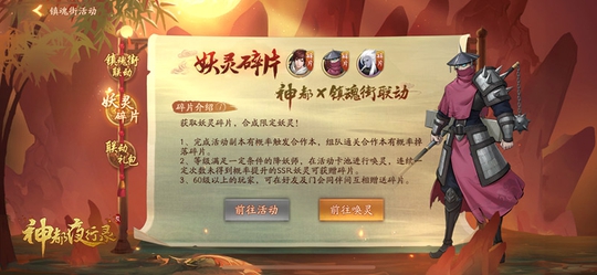 海量福利 重磅联动进行中由于IP版权原因,在联动活动全部结束后,降妖师们将无法获得于禁、曹焱兵等联动角色。为了让玩家们更加轻松的获得他们,除了可以通过“镇魂街联动”纪念卡池中召唤之外,半周年庆·第二期活动还提供可以通过碎片合成的方式,所需的妖灵碎片可以从卡池、妖灵收集福利、赠送、合作本、镇魂街活动商店等渠道获得。
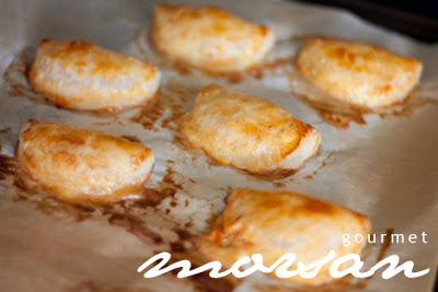 In i ugnen på 225°C tills de fått en gyllenbrun färg. Ta ut och låt svalna innan servering.
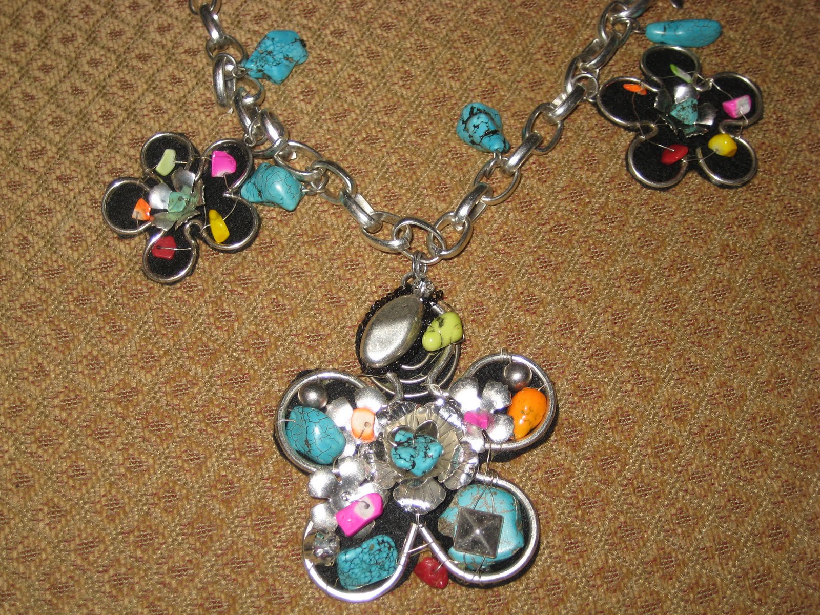 But I crossed paths with a necklace a couple of weeks ago that made me swoon. My heart beat rapidly. I fell in love with it. It was clunky, funky, chunky, and gawdy. But gawdy in a good way. The price tag on it was a little more than I cared to spend on jewelry. I prefer the 25 cent machines in the foyer of the Pizza Hut,that is more my speed.
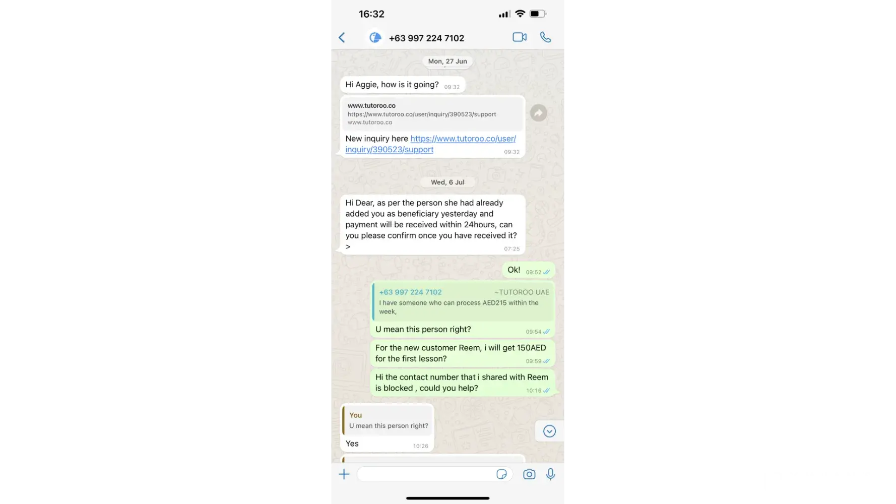 this happened on 1st June 2022, still until today 18th July 2022, I haven't received payment. Totutoo just keeps saying that the girl supposed to pay me is going to transfer the money to me soon, or Tutoroo says the girl has processed the payment but maybe there is a problem, she needs to check with the bank. I asked what if the girl she will never transfer, shall I wait for her forever? Tutoroo said that they will follow up, and there is no deadline. I asked for other means to pay me, they say they can not, because the payment is in process.
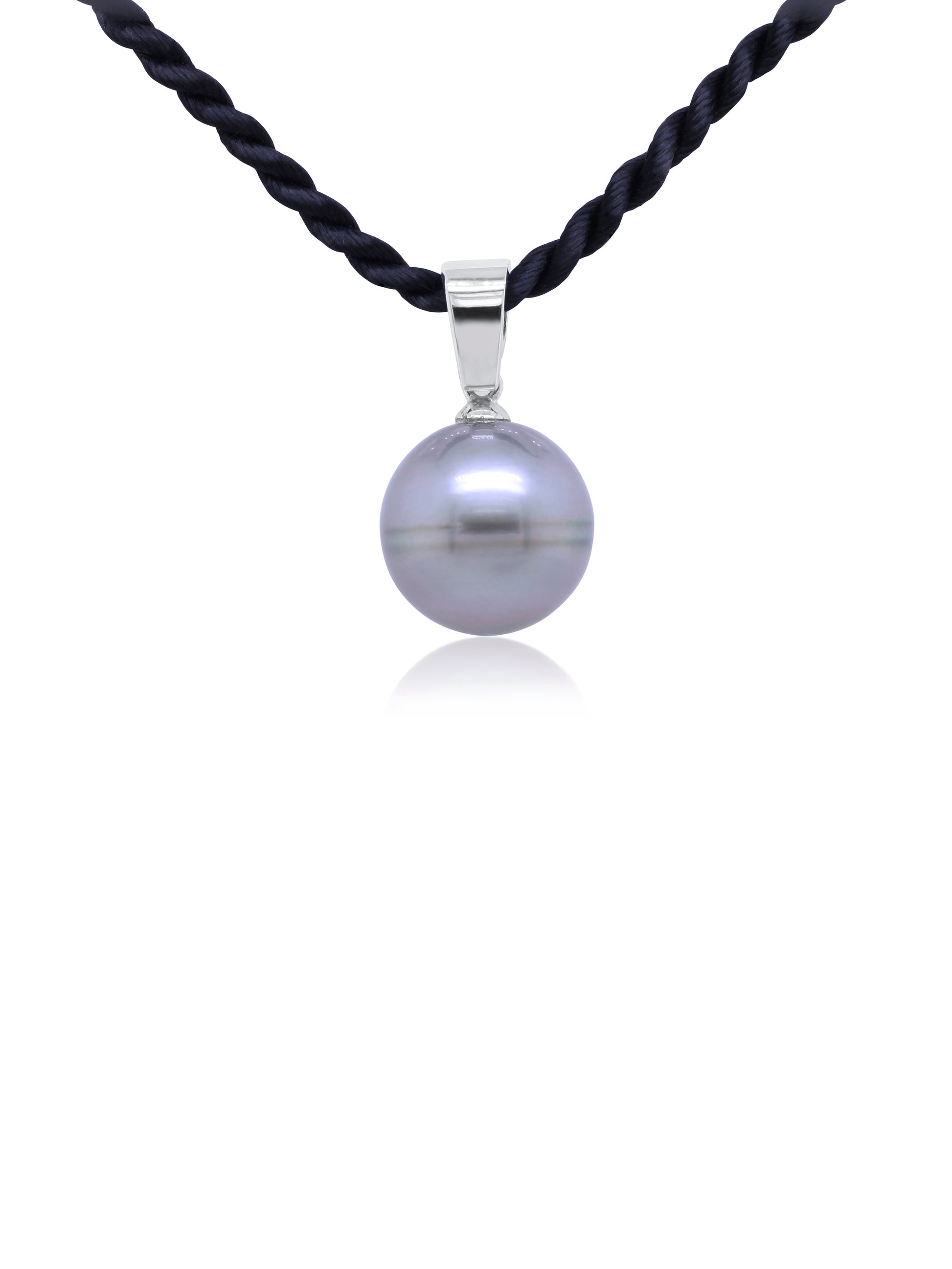 A modern classic, this pendant showcases a 13mm natural Tahitian pearl, prized for its deep lustre and oceanic tones. Set in sterling silver and paired with a 45cm black satin necklace, it blends simplicity with elegance—making it a versatile piece for both everyday wear and special occasions.
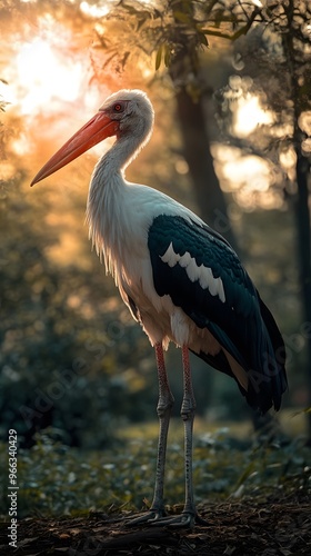 Marabou Stork Bird in Nature, Photo Realistic, Wallpaper, Cover and Screen for Smartphone, PC, Laptop, 9:16 and 16:9 Format
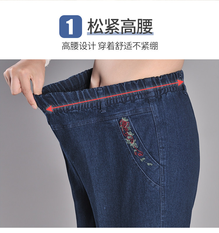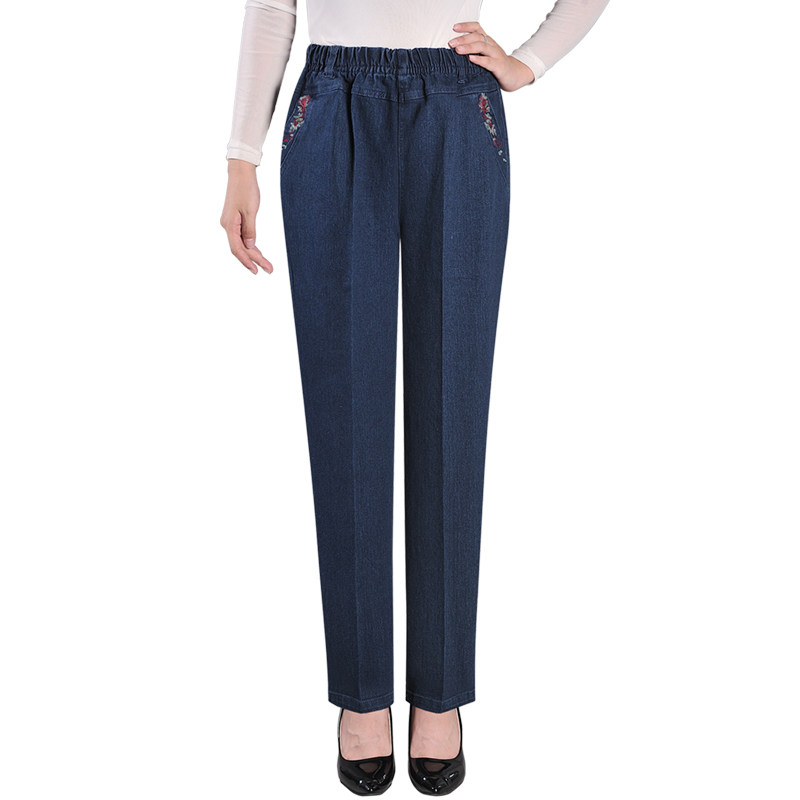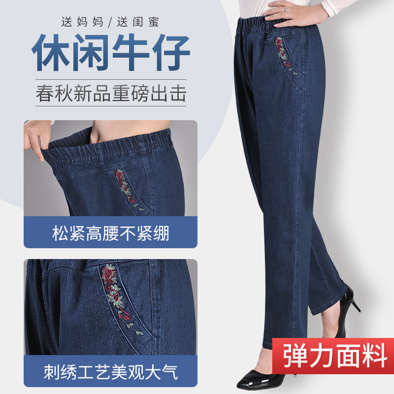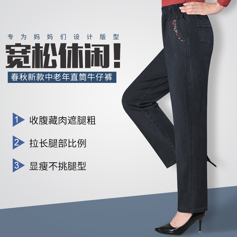 Middle Aged Spring Autumn Mom Jeans Woman Loose Black Tightness Waist Elastic Large Size Casual Women Pants Straight Barrel Long Pants
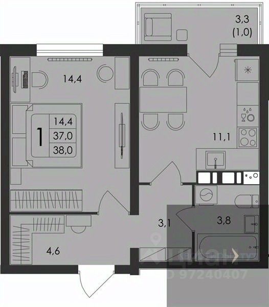 Квартира: 1 к 38,00 кв.м., 5 этаж в комплексе Счастье, 2 очередь, корп.18, сдача: 4кв. , этажей: 7, адрес Ямное село, Проселочная ул., д. 2 к 5, Застройщик: ВЫБОР.
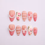Creamy rose tones combined with delicate floral patterns for a romantic finish. Soft pearls and lace-inspired textures add vintage charm. A graceful design that captures the sweetness of spring.

**Assignment:** Transcribe exactly the portion of the material above that runs from the line containing "Квартира: 1 к" through its last line, omitting all pictures.

**Solution to this exercise:**
 Квартира: 1 к 38,00 кв.м., 5 этаж в комплексе Счастье, 2 очередь, корп.18, сдача: 4кв. , этажей: 7, адрес Ямное село, Проселочная ул., д. 2 к 5, Застройщик: ВЫБОР.
Creamy rose tones combined with delicate floral patterns for a romantic finish. Soft pearls and lace-inspired textures add vintage charm. A graceful design that captures the sweetness of spring.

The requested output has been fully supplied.